Calling All Orphans! Disney Announces Open Call for Potential 'Annie' TV Movie Moppets

News   Calling All Orphans! Disney Announces Open Call for Potential 'Annie' TV Movie Moppets
 
Los Angeles, New York, Chicago and Orlando, FL, are the cities where thousands of "little girls" will flock to see if they have a bright "tomorrow" playing Little Orphan Annie or her pals in the upcoming Walt Disney TV musical based on the Broadway hit.

Los Angeles, New York, Chicago and Orlando, FL, are the cities where thousands of "little girls" will flock to see if they have a bright "tomorrow" playing Little Orphan Annie or her pals in the upcoming Walt Disney TV musical based on the Broadway hit.

Open calls for the role of Annie have drawn countless would-be starlets in the past (for the 1982 film version as well and the recent Broadway revival), generating lots of hope, tears and media attention.

Storyline Entertainment and Walt Disney Company have promised the TV musical for a spot next season on ABC's "Wonderful World of Disney." Filming will be this summer in Los Angeles.

Ironically, it was ABC News' "Turning Point" that documented the road to Broadway for a 12-year-old actress named Joanna Pacitti in 1997. She was cast as the red-curled Annie in the 20th anniversary Broadway revival production and, following months on the road, was replaced by her understudy at the last minute, causing parental outrage and mixed feelings among theatregoers and industry people.

The upcoming open call -- "for talented young ladies ranging in age from 8-12 years old and who are between 3-feet and 4-feet-10-inches tall," according to the announcement -- is expected to be all about hope and sunshine, of course.
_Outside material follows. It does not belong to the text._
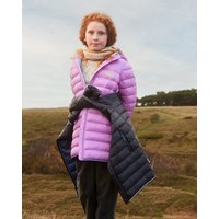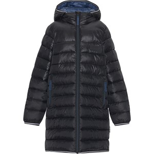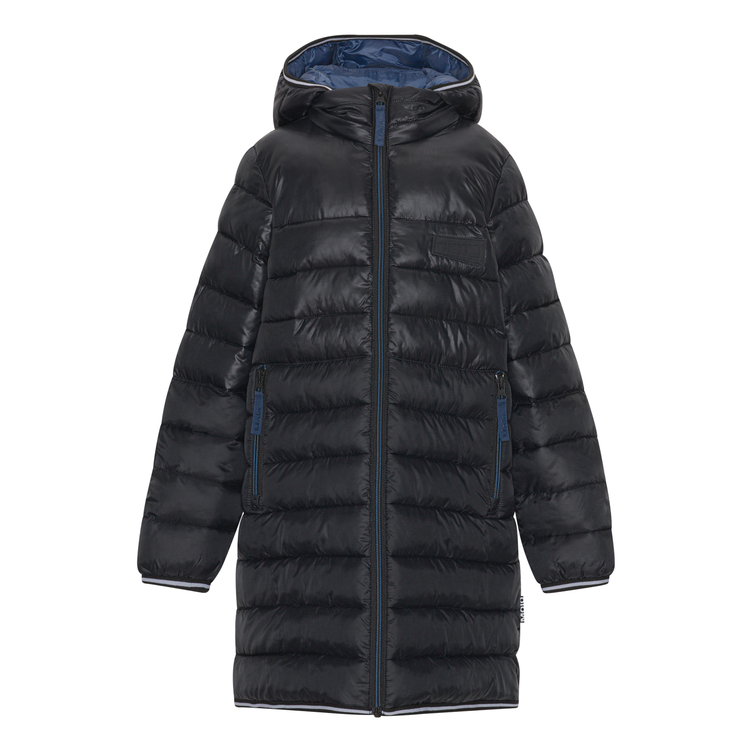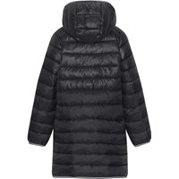 Lightweight, water-repellent down coat in black with a zipper down the front, detachable hood, and zip pockets on both sides. The coat features blue details on the zippers and striped trim at the sleeves and bottom. It is lined with imitated down filling called Pearl Padding, which provides consistent softness, retains heat well, and makes washing easier. A water- and dirt-repellent coating has been applied without the use of chemicals like PFOS, PFOA, and similar substances.

The auditions will take place per the following schedule:

Los Angeles - Saturday, February 27, 1999

9 AM-3 PM

Walt Disney Studios, 500 S. Buena Vista Street, Burbank.
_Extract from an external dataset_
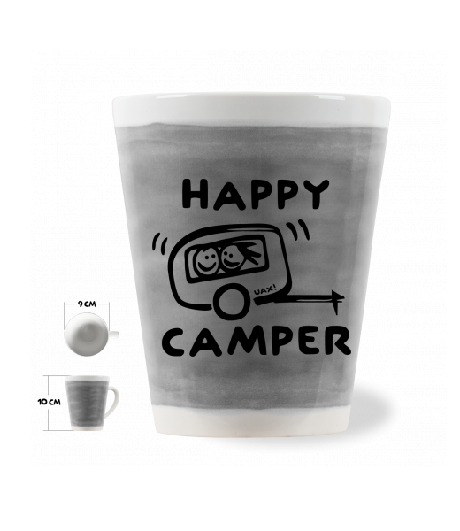 The original LATTE CUP UAX! a volume of 0.25L with design Cycling with design 1116 HAPPY CAMPER in color GRAY

Enter through the Buena Vista Street gate; candidates will be seen as follows based on the first letter of their last name:

A-H - 9 AM-11 AM

I-Q - 11 AM-1 PM

R-Z - 1 PM-3 PM

Chicago - Sunday, February 28, 1999

9 AM-3 PM

Westin Hotel, 909 N. Michigan Ave., Chicago.

Enter through the Delaware Street entrance; candidates will be seen as follows based on the first letter of their last name:

A-H - 9 AM-11 AM

I-Q - 11 AM-1 PM

R-Z - 1 PM-3 PM

New York - Saturday, March 6, 1999

8 AM 2 PM

New York Sheraton, 811 7th Ave., New York.

Enter through the 53rd Street entrance; candidates will be seen as follows based on the first letter of their last name:

A-H - 8 AM-10 AM

I-Q - 10 AM-12 noon

R-Z - Noon- 2 PM

Orlando - Sunday, March 7, 1999

9 AM-3 PM

Disney-MGM Studios at Walt Disney World.

Report to the registration booth at the main entrance; candidates will be seen as follows based on the first letter of their last name:

A-H - 9 AM-11 AM

I-Q - 11 AM-1 PM

R-Z - 1 PM- 3 PM

Girls should come to the audition with a Polaroid snapshot and be prepared to sing 12 bars of the Annie classic, "Tomorrow" (piano accompanist will be provided). The producers will see everyone meeting the age and height requirements who comes to the audition at the proper time.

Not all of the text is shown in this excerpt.